(Bloomberg) -- Deutsche Bank AG’s accidental payment of 28 billion euros ($35 billion) to Eurex Clearing increased the collateral held by the world’s fourth-largest clearinghouse by more than half.
Deutsche Bank’s payment, first reported by Bloomberg News, was equivalent to 55 percent of the collateral held by Eurex Clearing on behalf of the entire market. Almost every trading firm and bank uses Eurex Clearing to protect their bets on securities ranging from bund derivatives to futures on the DAX and Euro Stoxx 50 equity benchmarks.
The clearinghouse, which like Deutsche Bank is based in Frankfurt, held cash and bonds worth 51.3 billion euros at the end of 2017, according to a regulatory filing. Clearinghouses aren’t responsible for monitoring collateral payments made by their banks, and many member firms supply more than the minimum collateral -- or initial margin as it’s also known -- to cushion themselves against changes in the value of their derivatives.

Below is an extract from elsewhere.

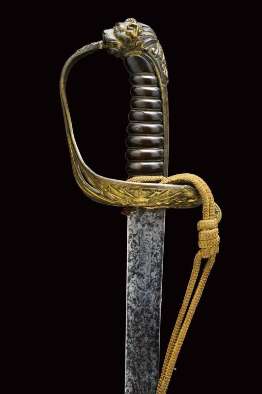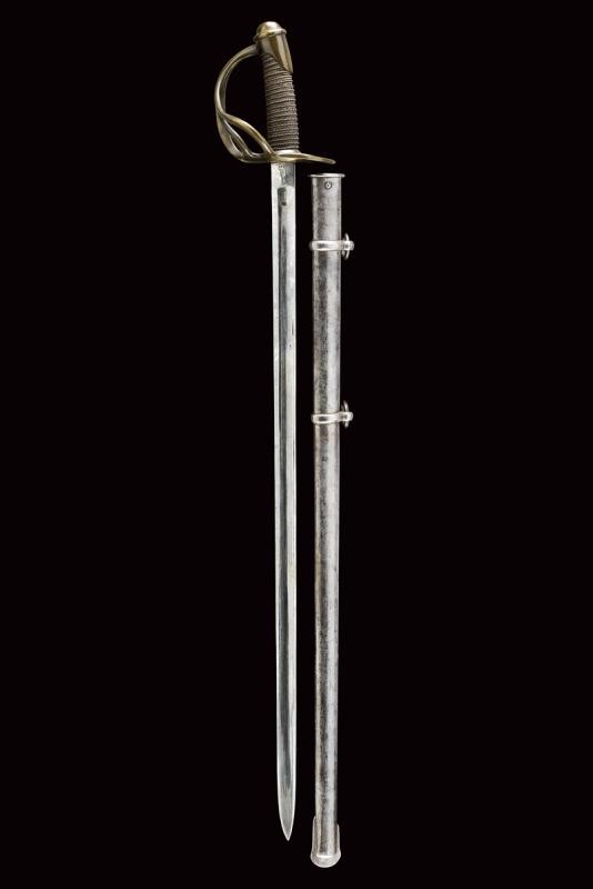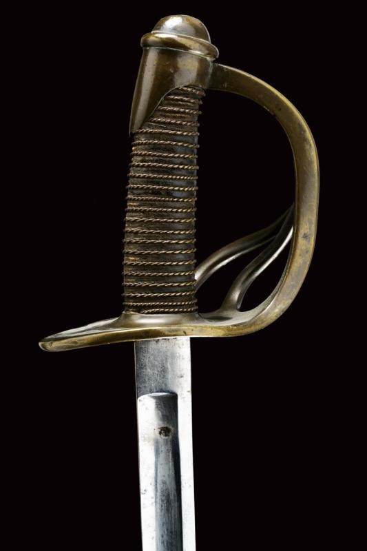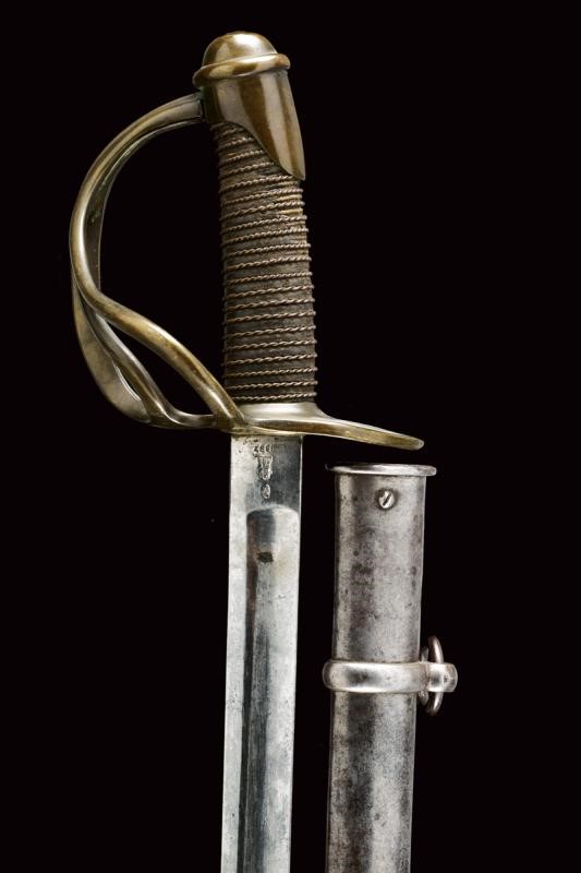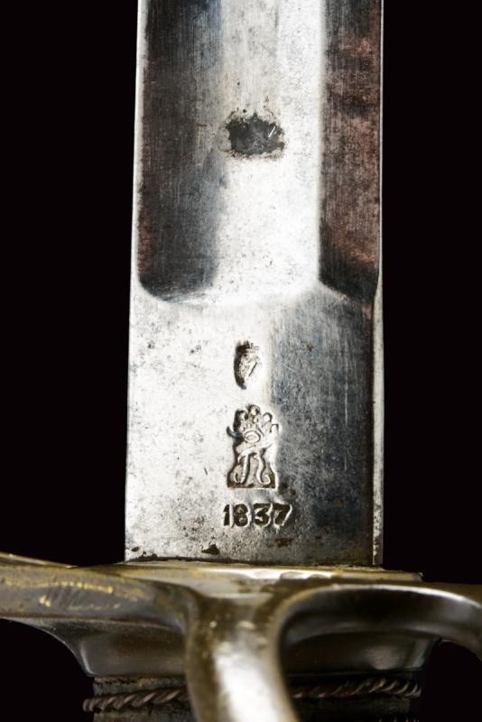 Lama dritta a un filo e controfilo con ampio sguscio centrale e sottile scanalatura dorsale, il tallone con punzone della Real Fabrica di Napoli, punzone "Z" sotto corona e anno di produzione "1837". Il fornimento in bronzo marcato "5.S.49" e "1". Impugnatura in legno rivestita di cuoio, con trecciola metallica. Completa di fodero a due anelli di sospensione.

Eurex Clearing, which is owned by Deutsche Boerse, spotted the erroneous Deutsche Bank transaction shortly after it was made and returned 24 billion euros within minutes, according to a person familiar with the matter, who asked not to be identified because the matter is private. The remaining 4 billion euros were returned after the long Easter weekend, the person added.
Clearinghouses ensure that traders still get paid if their counterparties default.